Animals That Went Extinct in 2018

Due to habitat loss and exploitation, introduction of new species to unprepared environments, and climate change, extinction rates are rising. Extinctions are a natural occurance; however, the rate at which they are happening has drastically increased in recent decades. The natural rate of extinction usually causes about one to five extinctions each year. In recent years, these have been inflated to 1,000 to 10,000 higher than the natural rate, causing an unnatural and dangerous amout of extinctions. The U.S. Fish and Wildlife Service said that this is "the worst rate of species die-offs since the loss of the dinosaurs." 

In 2018, bird species were the main victims of extinction, since there were four bird species that were lost in the past year. Typically, it is not unusual when bird species go extinct, since they are usually from islands, where the gene pool and population is already small, making it especially hard for them to adapt and survive when a sudden problem strikes. They are more susceptible to diseases, predation, and natural disasters. However, with 2018, three of the bird species were not from islands, which is especially concerning to scientists. This is mainly caused by humans through habitat destruction and unsustainable agriculture and logging practices, which explains why the mainland species are starting to disappear. 

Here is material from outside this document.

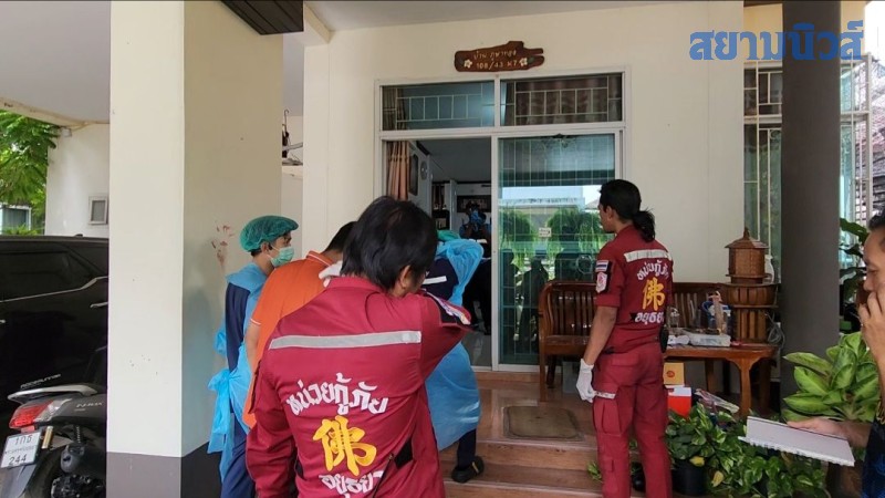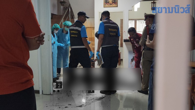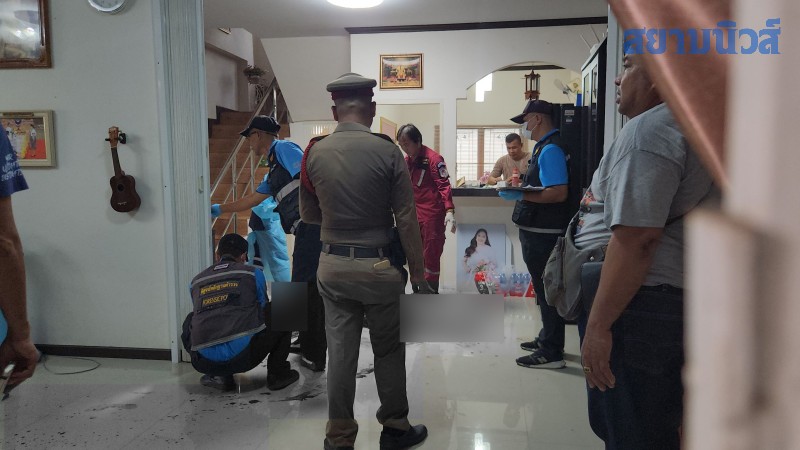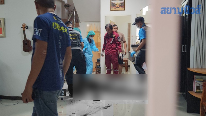 ภายในบ้าน บริเวณชั้นล่าง พบร่างชาย 1 ราย นอนคว่ำหน้าจมกองเลือด ทราบชื่อคือ อายุ 60 ปี มีบาดแผลถูกยิงที่หน้าอก 1 นัด และถูกแทงด้วยของมีคมที่ลำคอด้านซ้าย ใกล้กันพบกรรไกรตกอยู่ และมีปืนขนาด 9 มม. อยู่ในมือผู้เสียชีวิต เลือดนองพื้น

Even though the main victims were birds, there were other species that were lost this year, and there are plenty more that are still at high risk in 2019. 

The Po'ouli 

The Po'ouli is a Hawaiian forest bird that eats insects. In 1981, their population dropped to 150, and there was a further decline from there because of the introduction of an invasive species. They were also heavily hunted by mongooses, cats, and rats. Feral pigs destroyed their habitats, and mosquitoes spread diseases amongst the population. The bird has not been seen in the wild since 2004, and their species only had a 0.1% chance of survival in 2018.  

Photo Courtesy of Pexels 

The Cryptic Treehunter and Alagoas Foliage-Gleaner 

Both the Cryptic Treehunter and the Alagoas Foliage-Gleaner are songbirds from northeastern Brazil. The Treehunter wasn't discovered until 2002, and it was immediately added to the critically endangered list because of it's extremely low population numbers. The last sighting of the Treehunter was in 2007, which the Gleaner was last seen in 2011. For both of these birds, deforestation was the main cause of extinction. 

The Spix's Macaw 

Best known for their appearence in the film Rio, the Spix's Macaw is the final species of bird to go extinct in 2018. However, they are only extinct in the wild, and there are still about 50 alive in captivity. 

The Northern White Rhino 

In 2018, the last male Northern White Rhino died, leaving only two females left. Scientists have tried to make hope for the species through embryotic experiments so that the females can reproduce without the male. They were able to create a rhino embryo from the sperm of males that have been dead for a while, but the difficulty they are having now is getting a live birth from the surrogate mother. According to the World Wildlife Foundation, the extinction of the Northern White Rhino was caused by poachers hunting them for their horns. 

Insect Populations 

While no one specific insect species was singled out this year, insect populations in general have been decreased significantly because of climate change; destruction of the rainforests ia also further increasing insect death rates in the tropical ecosystems. However, there is an overall 75% decline of insect populations in places like Europe, where there isn't extreme habitat destruction. In general, insect extinctions tend to get overlooked since many people do not understand the importance of the role that insects play in ecosystems. They are the bottom of the food chain, and their extinction will affect all upper levels of the chain and cause significant harm to ecosystems, throwing them incredibly off balance. 

The Vaquita 

While the Vaquita did not go extinct in 2018, they are at extreme risk of extinction in 2019. The Vaquita is a porpoise from the Sea of Cortez in the eastern Pacific Ocean. According to the National Oceanic and Atmospheric Administration, they are the most endangered marine mammals in the world, and they have less than 30 left in the wild. They are endangered because of illegal fishing where they get stuck in the nets and drown. Scientists have been raising some in captivity, but they don't want to capture any more from the wild because that might just lead them to extinction faster. 

Photo Courtesy of Pexels

The Red Wolf

According to the U.S. Fish and Wildlife Service, there are only about 40 red wolves left in the U.S. that still exist in the wild. They also predicted that in about 8 years, they will be completely extinct. 

There Can Still Be Hope 

On the bright side, the black California condor made a slow rebound back into the wild due to conservation measures in 2018; this was the first year that a wild-born condor was able to make it to the flight stage of development in the wild. 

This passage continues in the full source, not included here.